Valens nodded. “All right,” he said. “And thank you, you’ve done well. But all the same; marrying one …”
“It’s their principal means of securing alliances,” Carausius said firmly. “Without a marriage, as far as they’re concerned it’s not a proper treaty; once it’s done, it means we
can rely on them absolutely. They take it very seriously. It’s not like the political alliances we’re used to. I’m not sure they even have politics where they come from, or at least not in any sense we’d understand.” He leaned forward a little, lowered his voice. “They aren’t complete barbarians,” he went on, “they understand that strategic and dynastic marriages aren’t necessarily the perfect union of heart and mind. If you hate the girl that much, you won’t have to see her more than absolutely necessary, she’ll understand that. If that’s the reason —”
Valens frowned. “I hope you know me better than that,” he said. “I understand how things are. I’m just a bit concerned about ending up with a wife who dresses in animal bones and feathers. Which,” he added quickly, before Carausius could say anything, “I’d be perfectly prepared to do if I was sure it’d help the war or put our economy straight. But I’m not; so either come up with some better arguments or drop the whole thing.”

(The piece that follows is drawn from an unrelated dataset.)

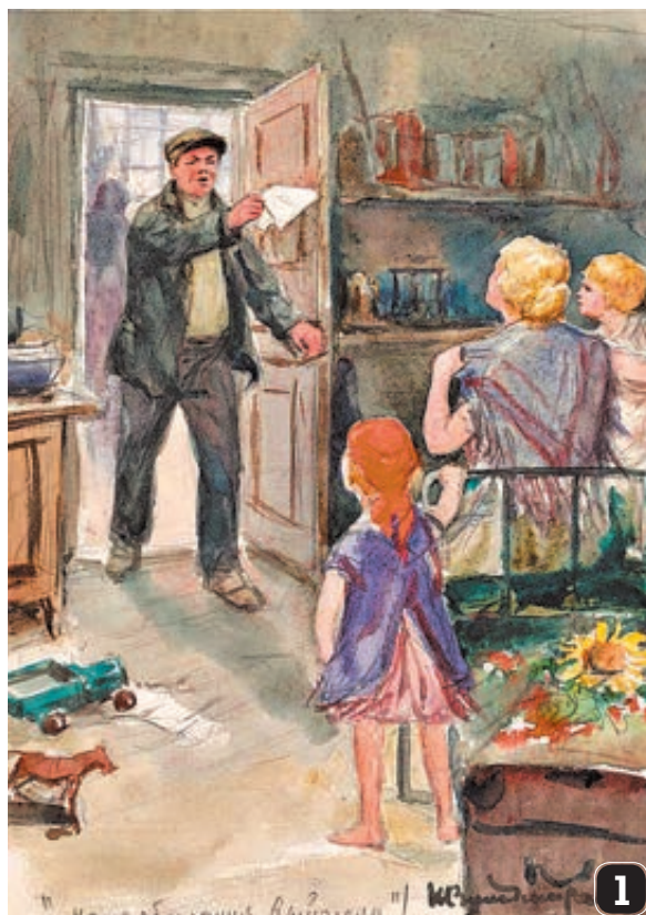
1 «Наша облигация выиграла!», 1940-е годы. 2 «У рожденья», 1920-е годы. 3 «Лед тронулся», 1910-е годы.
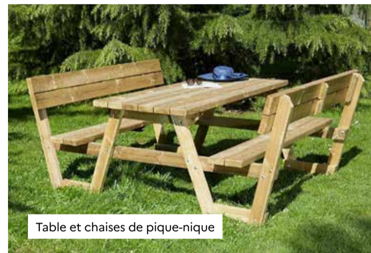
Table et chaises de pique-nique

Carausius looked at him. He knows me too well, Valens reflected. “There’s something else,” Carausius said.
“Yes.”
“I see.” Carausius frowned. “Can I ask what it is?”
“No.” As soon as he said the word, he knew he’d lost. “But I will meet these savages of yours, and yes, I’ll be civil to them, so don’t nag.” He shrugged, rather more floridly than usual. “Four hundred cavalry, just for being hospitable. I think I can handle that. Tell me, did the offer come from them, or did you have to haggle?”
“Their idea,” Carausius said. “I don’t think the Cure Hardy understand bargaining in quite the same way as we do. I don’t know if it’s true, but someone told me once that their word for trade literally means ‘to steal by purchase.’ I gather they’re a fascinating people, once you get to know them.”
“I’m sure,” Valens said. “Now, by rights I ought to threaten you with awful retribution if you ever ambush me with something like that again. But I don’t need to do that, do I?”